━━━ Input records ━━━

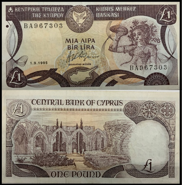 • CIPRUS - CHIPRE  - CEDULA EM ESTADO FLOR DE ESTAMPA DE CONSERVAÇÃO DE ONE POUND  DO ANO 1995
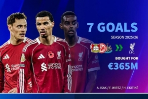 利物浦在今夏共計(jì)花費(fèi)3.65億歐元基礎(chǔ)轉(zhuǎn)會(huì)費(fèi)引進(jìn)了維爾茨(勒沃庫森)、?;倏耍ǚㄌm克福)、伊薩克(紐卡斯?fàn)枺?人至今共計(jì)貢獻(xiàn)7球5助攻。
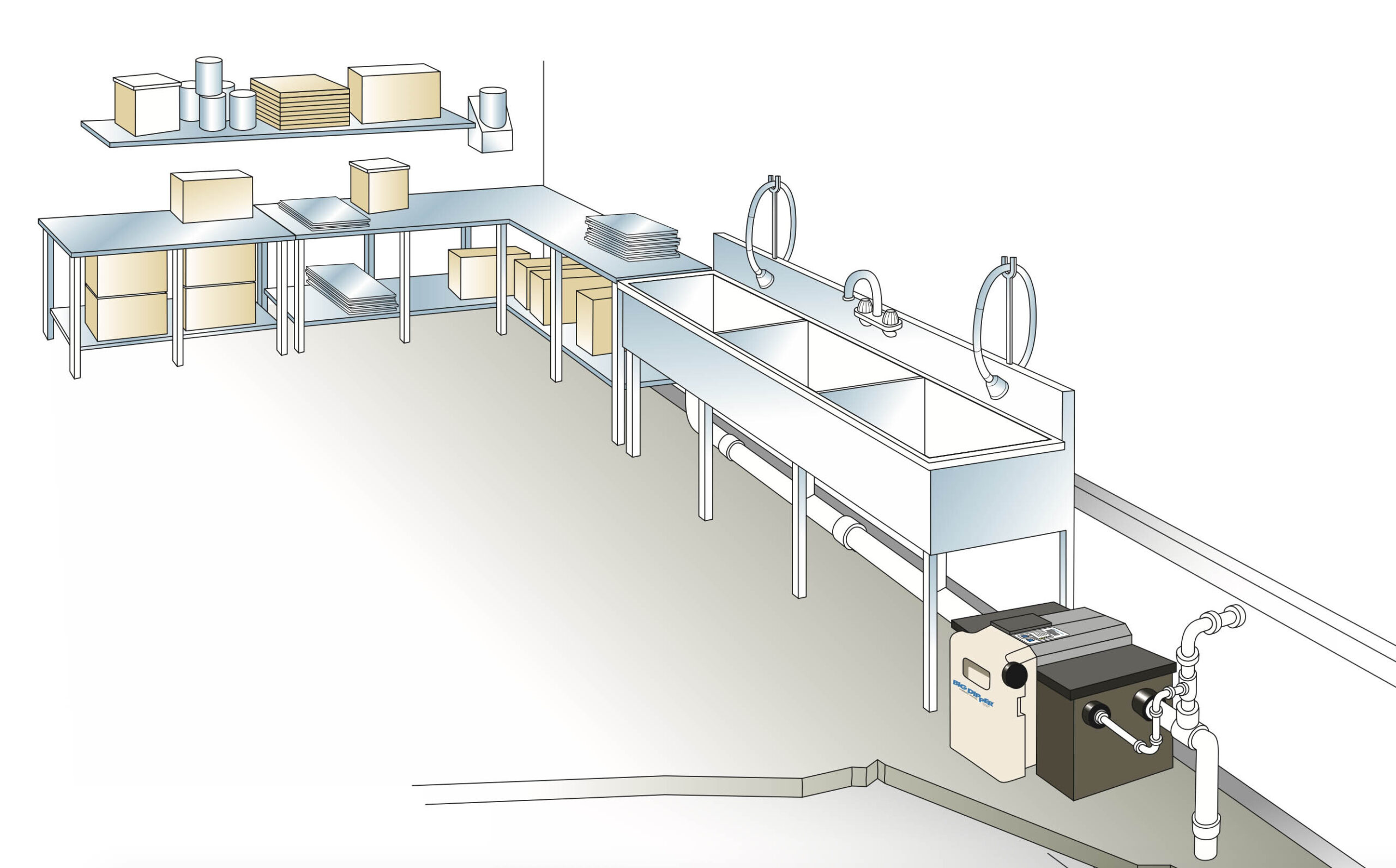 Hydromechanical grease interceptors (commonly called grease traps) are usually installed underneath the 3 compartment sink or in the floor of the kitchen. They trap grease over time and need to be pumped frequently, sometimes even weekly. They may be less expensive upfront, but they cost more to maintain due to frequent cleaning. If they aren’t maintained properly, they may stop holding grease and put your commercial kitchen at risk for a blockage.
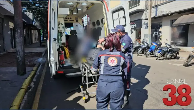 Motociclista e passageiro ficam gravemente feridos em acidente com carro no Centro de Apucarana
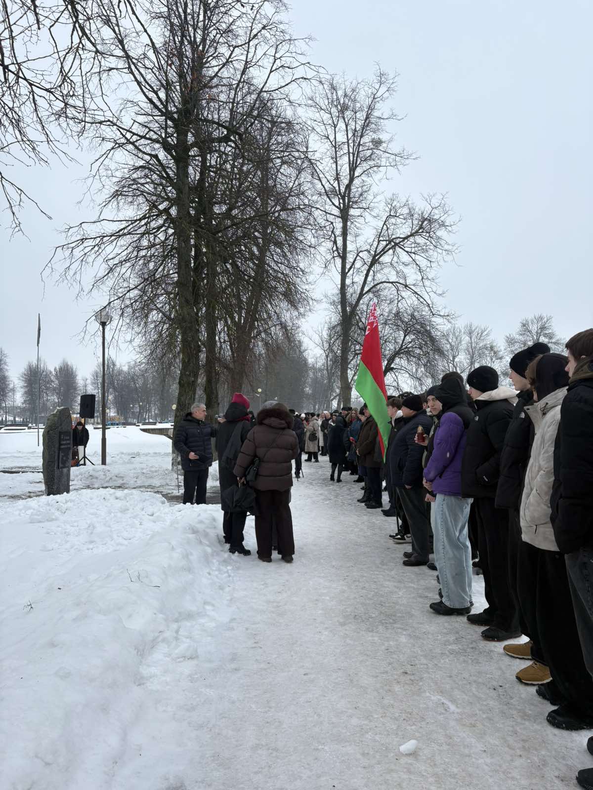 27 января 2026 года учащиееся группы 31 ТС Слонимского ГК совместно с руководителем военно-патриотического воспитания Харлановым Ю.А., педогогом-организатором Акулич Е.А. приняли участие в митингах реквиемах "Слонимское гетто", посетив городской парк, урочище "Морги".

━━━

## Exercise objective
In the records above, take every line from the opening one through the line with "利物浦在今夏共計(jì)花費" and repeat it exactly; pictures are not part of the copy.

## Task result
 • CIPRUS - CHIPRE  - CEDULA EM ESTADO FLOR DE ESTAMPA DE CONSERVAÇÃO DE ONE POUND  DO ANO 1995
 利物浦在今夏共計(jì)花費(fèi)3.65億歐元基礎(chǔ)轉(zhuǎn)會(huì)費(fèi)引進(jìn)了維爾茨(勒沃庫森)、?;倏耍ǚㄌm克福)、伊薩克(紐卡斯?fàn)枺?人至今共計(jì)貢獻(xiàn)7球5助攻。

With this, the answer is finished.